Ladies and Gentleman, or Gentleman and Ladies, what ever you want to call yourself; to sum things up here are some things in quick shots --
Is reading self-help books wrong?
- Absolutely not. It just depend on how you are reading them. I mean, if you are going to obsess about these things like me, the stakes are pretty high that things turned out to be toxic. You have to check as per your apetite. However, my recommendation is three-four such books must do that work.
Is following a strict routine bad?
- This of course depend on you. You are a real human with bones and muscles having a thinking brain. If you really want a strict rule - go for it. But you certainly don't want to become some dumb machine. Do you? (I mean, Ajay?)
Is this any advice from me?
- As I said, I am a simple dude talking about my experience of life. This may help you or may not be. But don't take it as some advice from me. If you are in such a situation as mine. You could think of taking a lesson, maybe. I don't know. You must figure out this thing for you.
Is that it?
- No, that's not me. I change my views very frequently. No, I don't. And I did. That's me.
So, Respected Ladies and Gentleman (respected because you read my blog. Otherwise?), thanks a lot for reading up to there. This proves either your life has lots of hours that you don't know where to spend them, or you are really either hating or liking the content. Well, I am like an open season to you now, shoot me where ever you wanted to. That's a once in a lifetime offer, I am telling you.
[The narrator is ceremoniously bowing]
That's the end of the show. Thank you for being there with me.
[Am I listening applause? That's I think slippers and sandles. So, we succeeded then.
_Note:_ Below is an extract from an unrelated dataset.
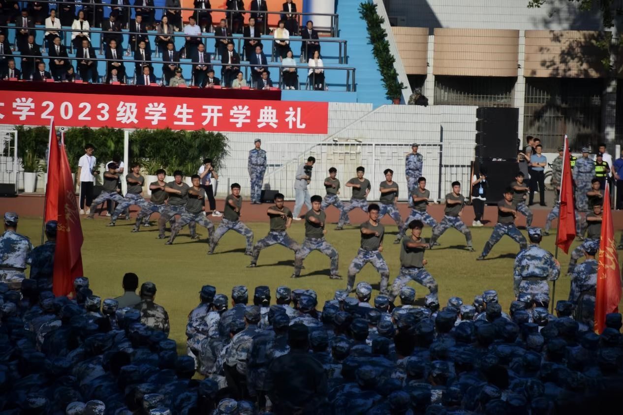 文旅男生们还选出代表参与了充满力量的军体拳。一击一打、一步一踏无不展现了士兵们的飒爽英姿。一声声的齐齐高喊的“杀”震人心魄。
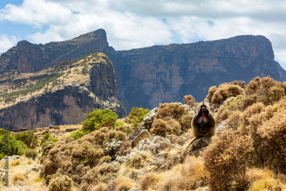 Family of Gelada (Theropithecus gelada), sometimes called the bleeding-heart monkey or the gelada baboon. Simien Mountains, Africa Ethiopia wildlife

Yeah.]
Now a bonus :
I will tell you what I am at present -- First of all I am no genius (yeah, all you who thinks that I am. Baby, sorry -- you are wrong); I plan a lot but I love to go without one; I baffles really bad when it come to choosing; I am literally very bad at talking; I face frequent doubts about myself and about my future and that to a very toxic degree; I pretend that I don't care but I do; I brood about everything even very simple things but mostly on events of great shame or proud or failure or things more or less like these, and they sticks to my memory deeply, I recreate them, correct them, and run them again and again until they become a part of me; I feel emptied after talking at length; I am extremely selfish, yeah, extremely selfish; I want to remain mostly introverted because I am afraid of people thinking wrong of me, though after giving a thought I let all things spit out like I am doing now.
Some Likes And Dislike -
I like reading fiction, I like writing a lot, I like bicycle riding a lot, I like running, I like yoga, I like argumenting sometimes, I like being praised, I really like to win, I hate loosing and failing a lot, I hate starting new things, I hate urgency of situation. I like people with different views because I think I can learn from them better, I like that... thing, I mean that thing, yeah you are going right my naughty readers, this is exactly that thing, though sometimes (Tharak hai mere andar aur vo bhi bhari matra main). I hate noisy girls, I hate bigotry (though, I am a bigot myself), I mostly hate kids, I usually hate teaching, I hate company of people especially in the morning the time when I usually writes, last but not least -- writing journal is like my life, I write them more because writing them is my need than I liked them.
Note - I want to apologize to all those to whom I looked down upon, mocked and roasted them. Thank to those who instead of being questioned wrongly by my conceited self bore every attitude of me with a smile -- Himanshu and my siblings, especially. And please don't write any reply in sympathy. Just understand and that's it.